Today’s announcement is all about Vive XR Suite, which is an upcoming subscription package consisting of five VR applications that cater to various work and social needs. Think of it as the Microsoft Office for VR.

More importantly, these apps won’t be limited to PC VR systems nor standalone VR headsets of any brand (including Oculus, Valve and Windows MR), as they can also be viewed on a PC monitor and even a modern smartphone, meaning you can still somewhat interact in the virtual worlds if you left your goggles behind.

VR nerds may be familiar with some of these five applications. For starters, there’s Vive Sync which is HTC’s in-house remote collaboration service, and it’s currently still in open beta. Then you have Vive Sessions, which is essentially the integration of Immersive VR Education’s Engage virtual conference platform (as used by HTC today and back in March), and this lets you host up to 50 people per virtual location. Going further up the scale, there’s Vive Campus which will be powered by VirBELA, and this enables remote learning for up to a whopping 2,500 people on a virtual campus. Of course, there’s no stopping you from taking a quick break with fellow students by a virtual fountain.

Here are the five applications that make up the bundle, and the partners that HTC has chosen to deliver each:

VIVE Sync (HTC) – Meetings
VIVE Campus (VirBELA) – Virtual Offices
VIVE Sessions (ENGAGE) – Lectures
VIVE Social (VRChat) – Social
VIVE Museum (Museum of Other Realities) – Art Exhibit

The suite is ostensibly SteamVR-based, which means it should support the full range of PC-based headsets. HTC is also promising support for headsets based on Vive Wave, like the company’s own Vive Focus.

HTC plans to launch the suite of applications in Q3 this year, and will offer both a free version, and a premium subscription version with “enterprise/creator level capabilities and commercial use licenses.”

The company has also partnered with major brands in Asia, like Baidu and HP, to collaborate on the distribution of the app bundle.

There’s never going to be a single remote VR app that fits all needs, but bringing together a hodgepodge of apps with similar capabilities under a single umbrella might be more confusing than helpful. It’s hard to imagine a business that needs both a virtual meeting room and a space for art exhibitions—or one that wants to pay for both as part of one package.

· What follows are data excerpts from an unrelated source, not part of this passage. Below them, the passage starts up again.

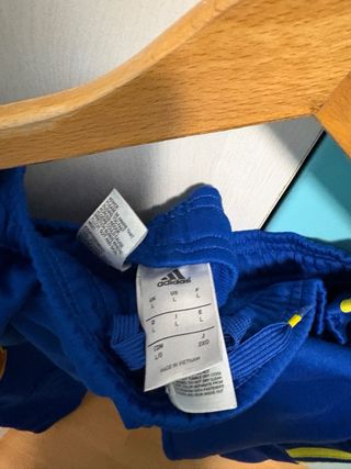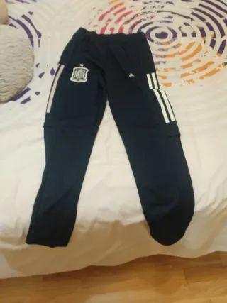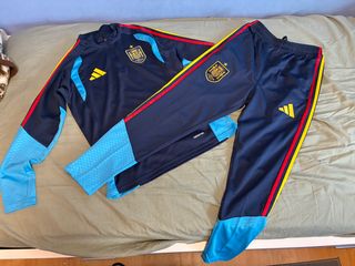 Conjunto de chándal de la selección española. Puesto solo una vez no me di cuenta que el chino me envió una talla menos de lo que pedí.. - Diseño en color azul marino. - Detalles en rojo, amarillo y azul claro. - Logo de Adidas y escudo de la selección. - Talla S.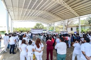 San Andrés Tuxtla, Ver.- Con la participación de practicantes de las facultades de medicina, nutrición, psicología, educación física, odontología, quiropráctica, y enfermería, entre otras, este viernes, en representación de la Presidenta Municipal de San Andrés Tuxtla, la Dra Maria Elena Solana Calzada – Dra Remedios; el Presidente del DIF Municipal, el ingeniero Felipe Rubio Solana, junto con el Vicerrector de la Universidad Veracruzana, Región Veracruz, Rubén Edel Navarro, en representación del doctor Martín Aguilar Sánchez, rector de la Universidad Veracruzana, inauguraron la Feria de la Salud 2023 en la comunidad de Cerro de las Iguanas.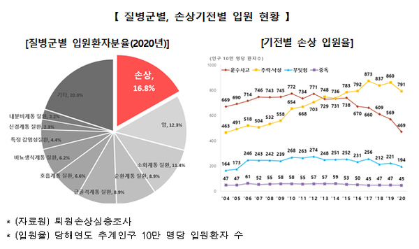 ¿î¼ö»ç°í¿¡ ÀÇÇÑ ¼Õ»óÀÔ¿øÀ²Àº 2015³â ÀÌÈÄ Áö¼Ó °¨¼ÒÇϰí ÀÖÀ¸¸ç, 2019³â°ú 2020³â »çÀÌ Àα¸ 10¸¸¸í´ç 100¸í°¡·® °¨¼Ò(569¸í¡æ469¸í)Çß´Ù.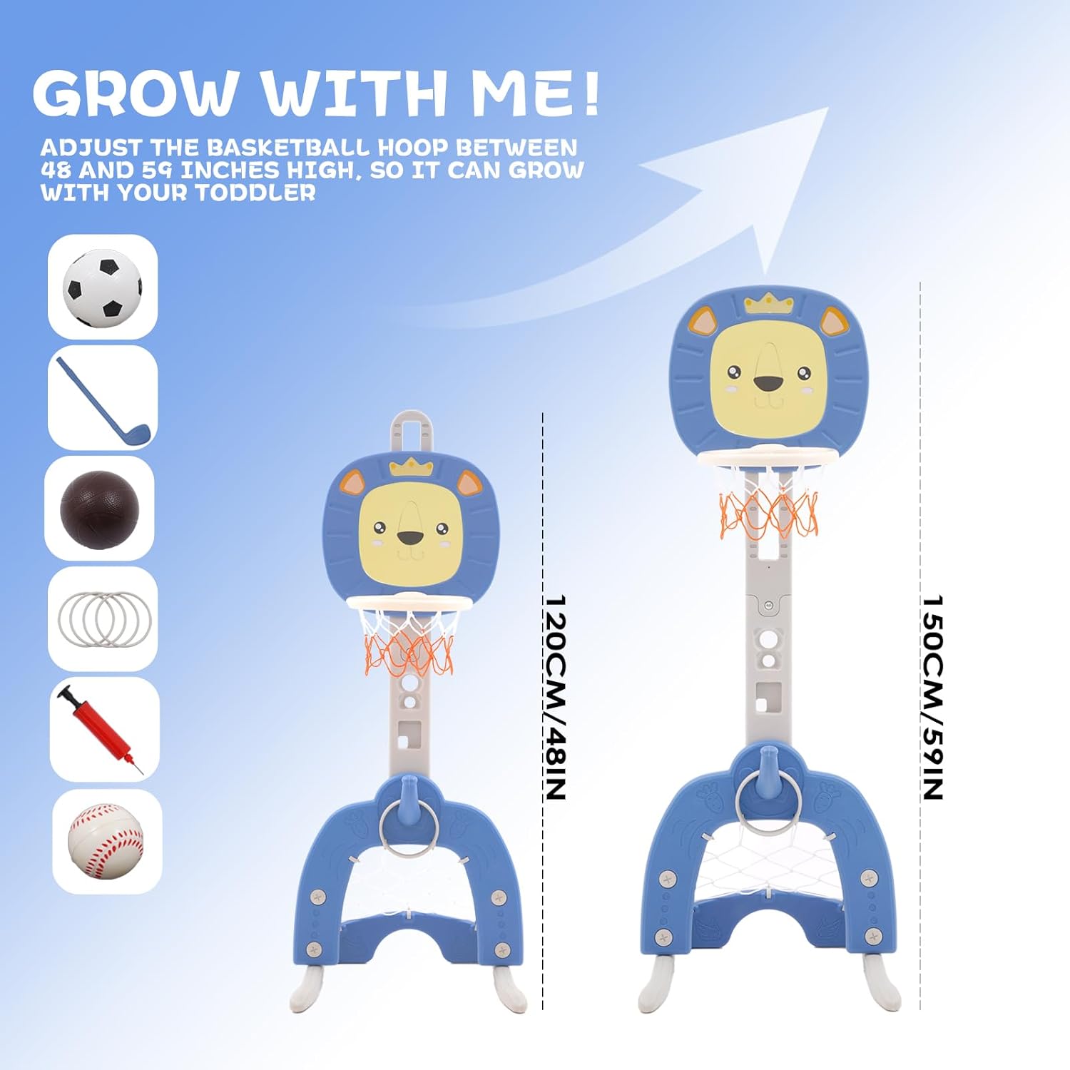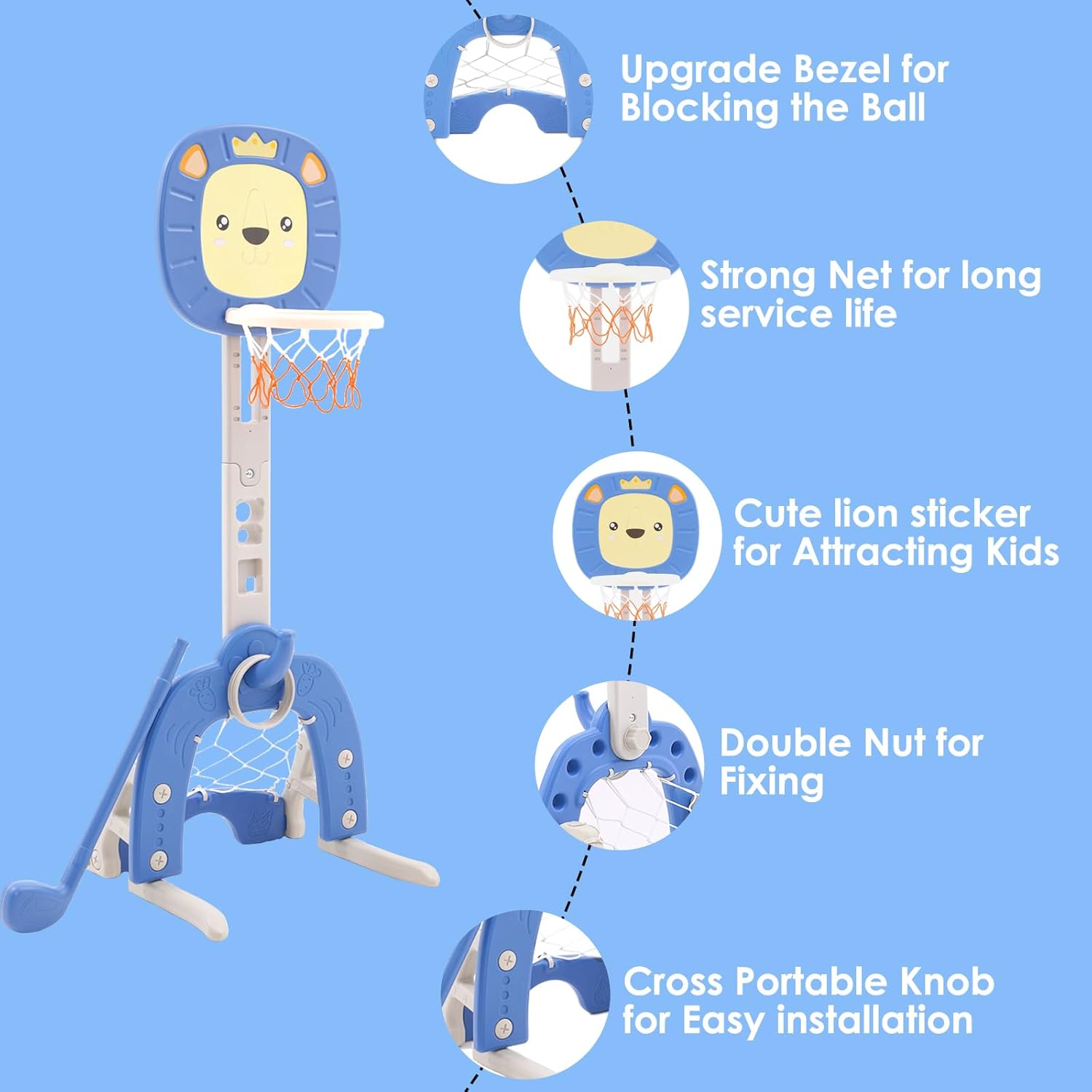 - 【4-in-1-Aktivitätszentrum】Dieser Basketballkorb für Kinder ermöglicht 4 Sportarten: Golf, Basketball, Fussball und Ringwurf. Enthält 1 Basketball, 1 Fussball, 4 Ringe, 1 Golfball, Golfschläger und 1 Pumpe. Das multifunktionale Spiel ermöglicht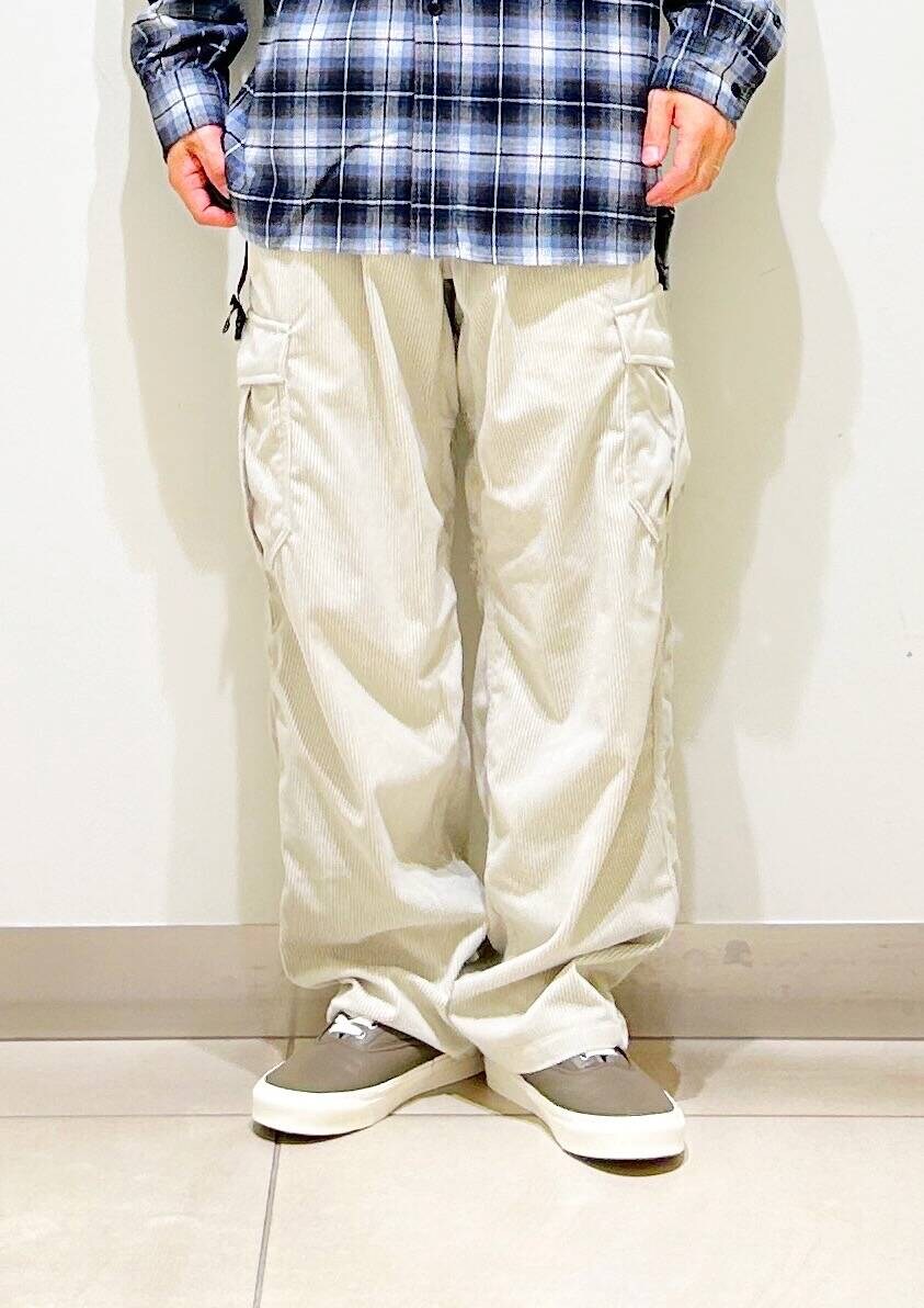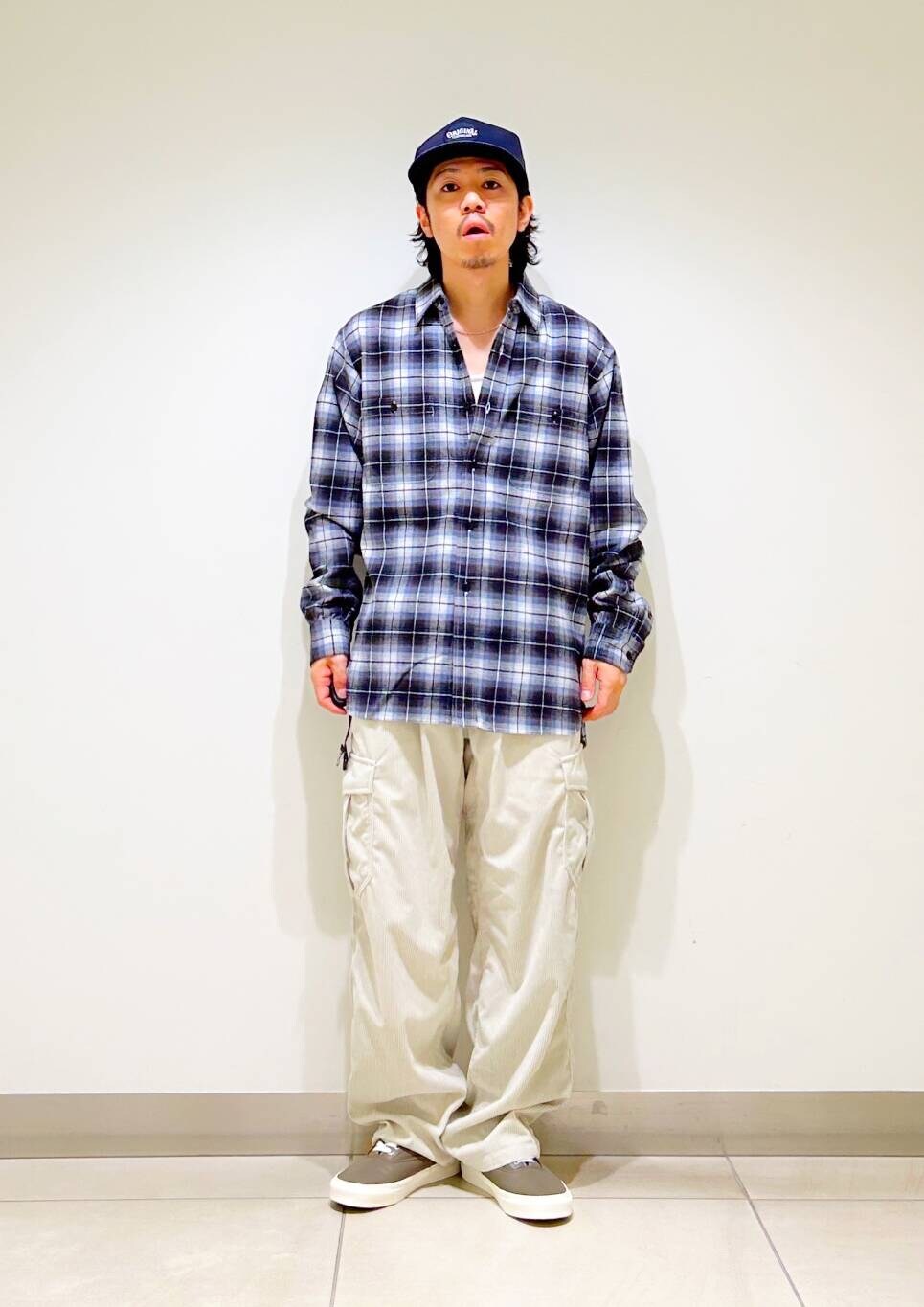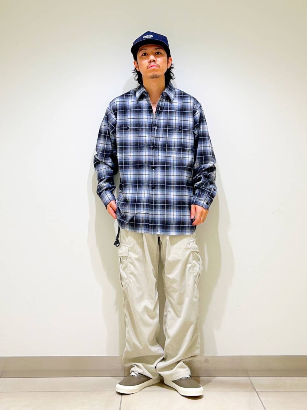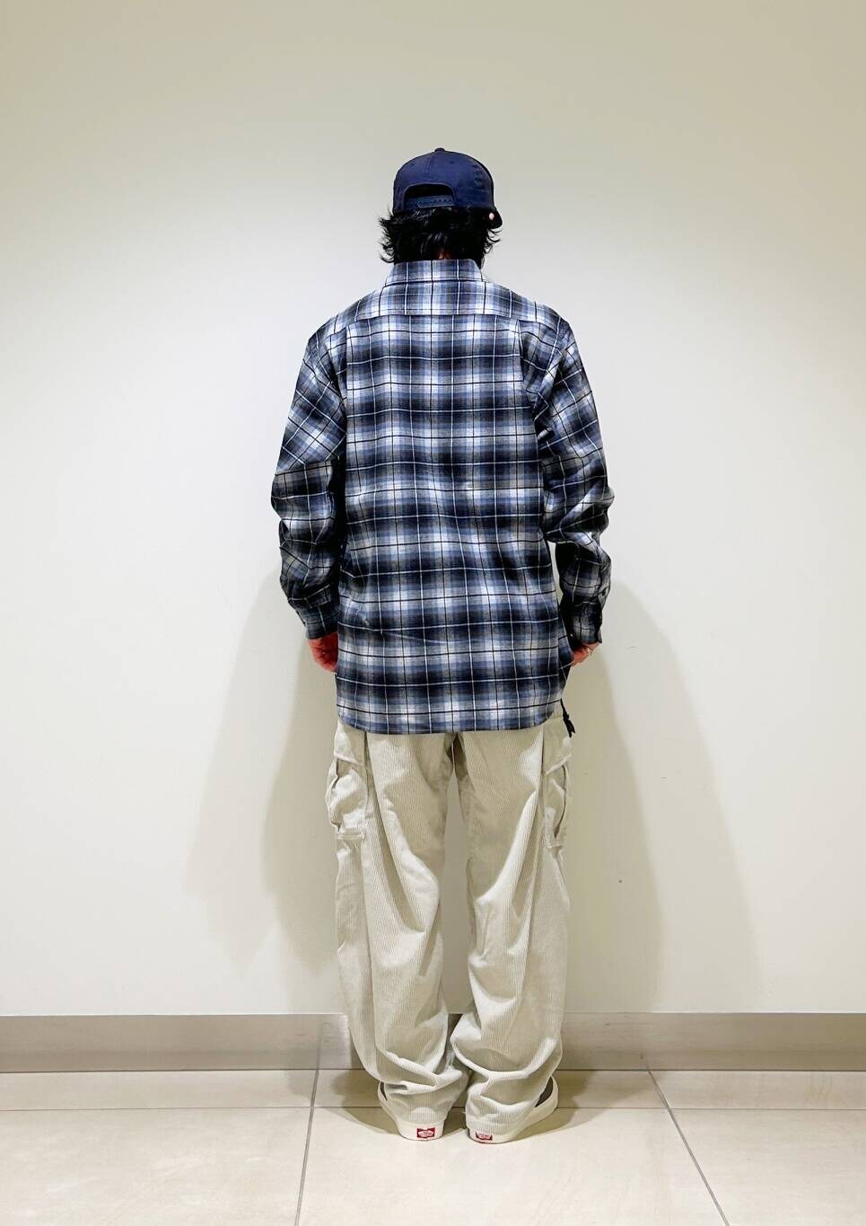 今回はペンドルトン別注チェックシャツとストーンマスター別注コーデュロイカーゴパンツを使用したコーディネート。

Right now HTC says the suite consists of five “separate applications.” And while they’ll be unified under a single login, it isn’t clear yet if the apps will share common features and capabilities like avatars, interfaces, user-generated content, preferences, or friends lists. From the information provided by HTC, it seems like early days for the Vive XR Suite, so we’ll have to wait to see of the whole feels like more than the sum of its parts.